**What is needed**:
What you write must be the lines from the one holding "and a pouch." through the final line of the records below, reproduced exactly, minus the pictures.

**Records for processing**:
^^^^^^^^^^^^^^^^
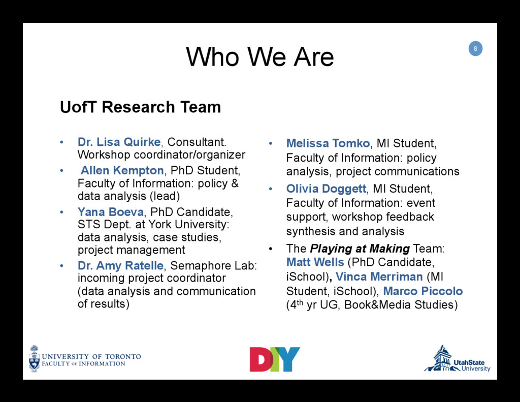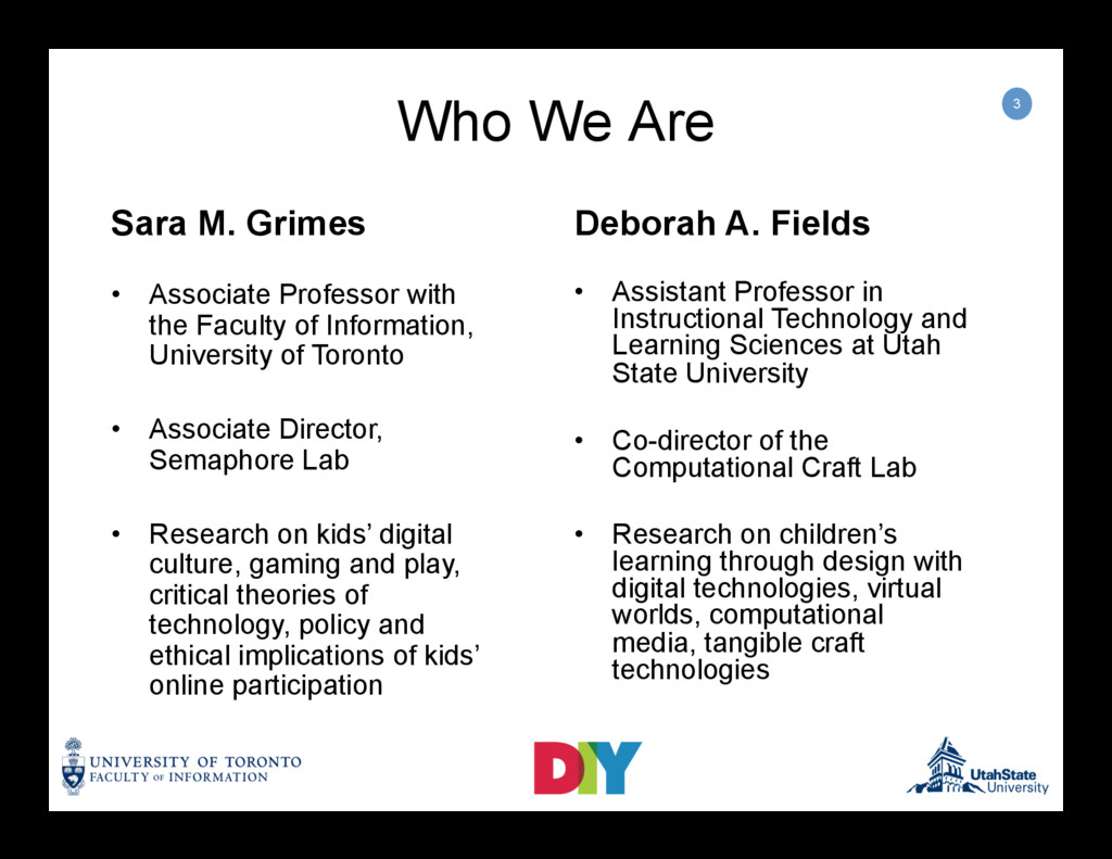 Session 1 was presented by: Dr. Sara Grimes (Principal Investigator, University of Toronto), Dr. Deborah Fields (Co-PI, Utah State University), and Yana Boeva (PhD Candidate, Research Assistant, York University). Allen Kempton (PhD Student, Research Assistant, University of Toronto), and Matt Wells (PhD Candidate, Research Assistant, University of Toronto).
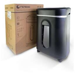 HELEOS Шредер АП20-4 черный с автоподачей (секр.P-4) фрагменты 131лист. 20лтр. скрепки скобы пл.карты
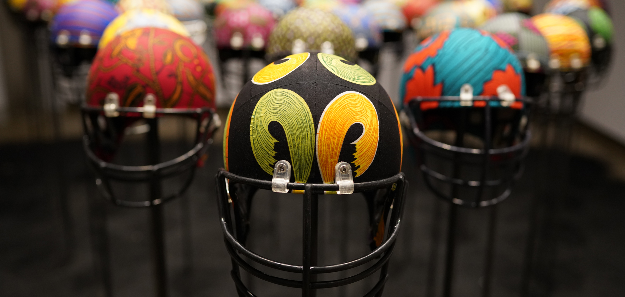 Header Image: Esmaa Mohamoud, Glorious Bones, 2018-19, 46 repurposed football helmets, African wax prints, faux soil, metal. Courtesy of Georgia Scherman Projects. Photo courtesy of the artist.
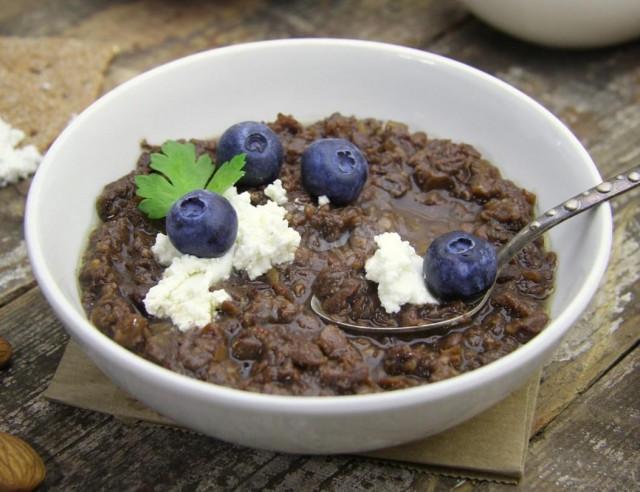 Каша из зелёной чечевицы на завтрак хорошо сочетается со свежими ягодами (как ни странно) и с мультизлаковыми хлебцами с творожным крем-сыром.
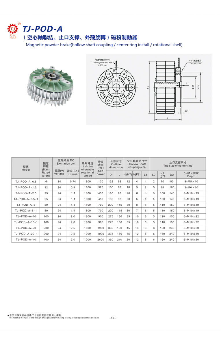 6、外殼旋轉(zhuǎn)磁粉制動器試運轉(zhuǎn)前,請詳細(xì)閱讀東莞天機傳動臺灣品牌產(chǎn)品使用說明書;
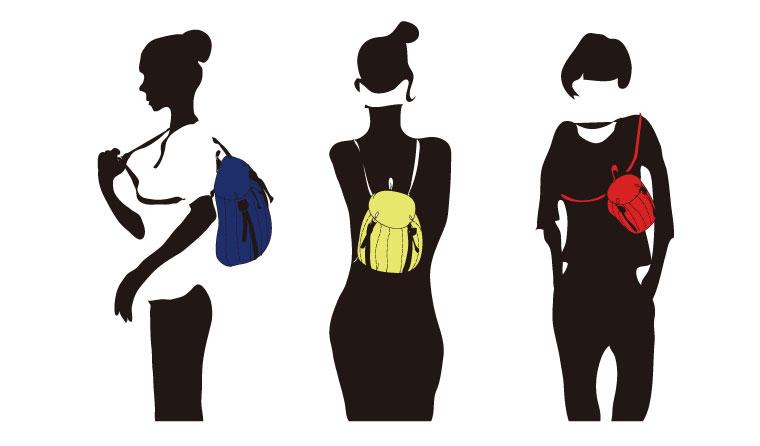 Mueslii's “3 ways”, an innovative system that makes possible to use this bag as a normal backpack, a shoulder bag and a pouch.
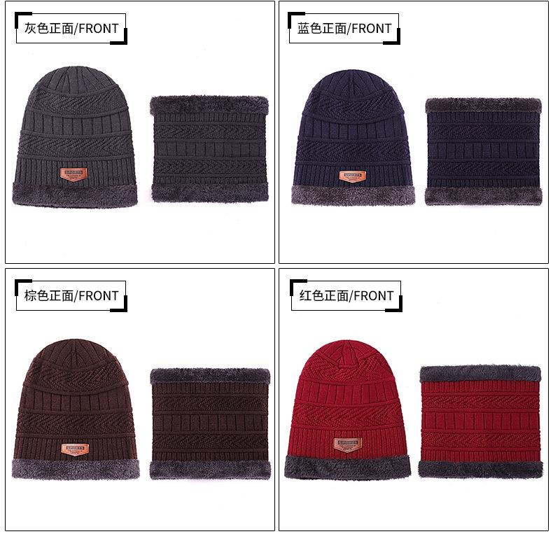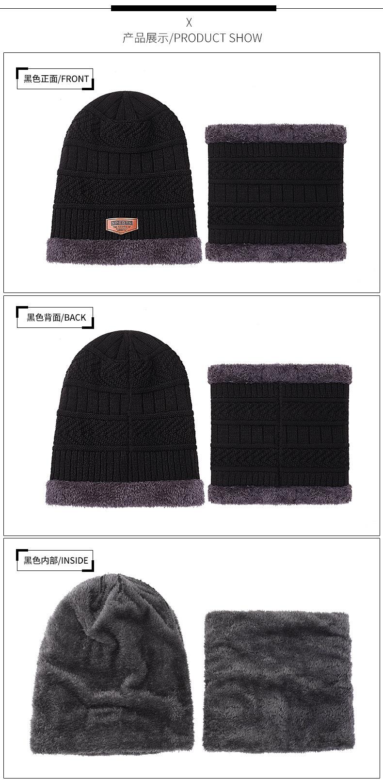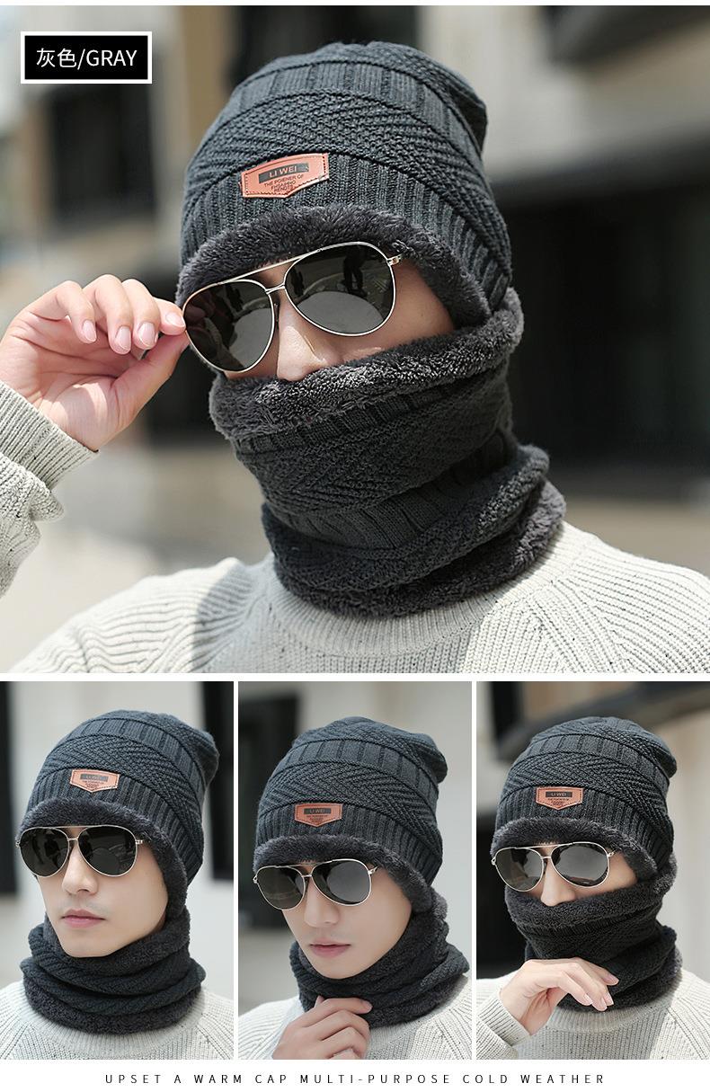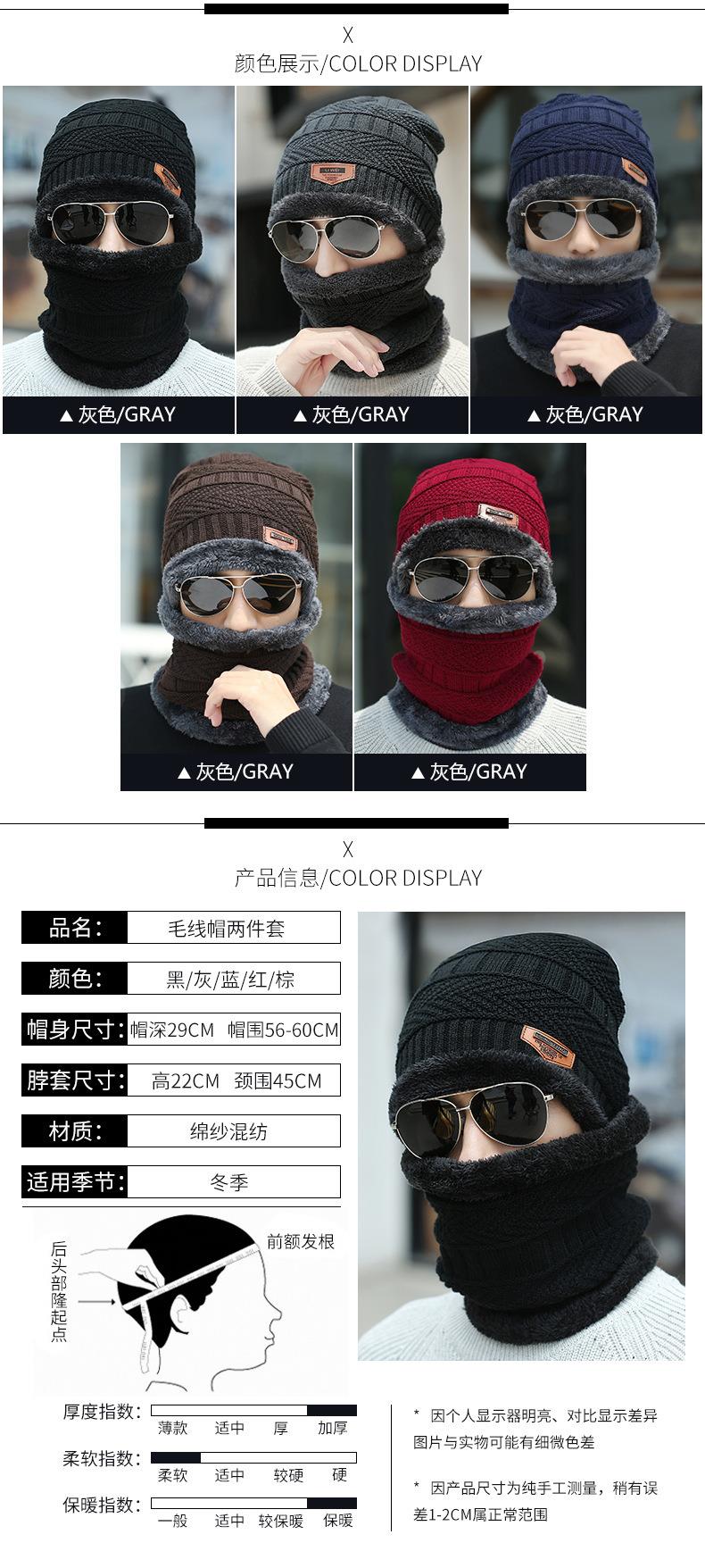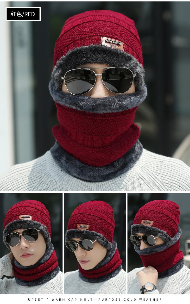 秋冬季保暖护脖毛线套帽男士加绒加厚针织帽子套头围脖两件套
^^^^^^^^^^^^^^^^
**Final answer**:
 Mueslii's “3 ways”, an innovative system that makes possible to use this bag as a normal backpack, a shoulder bag and a pouch.
 秋冬季保暖护脖毛线套帽男士加绒加厚针织帽子套头围脖两件套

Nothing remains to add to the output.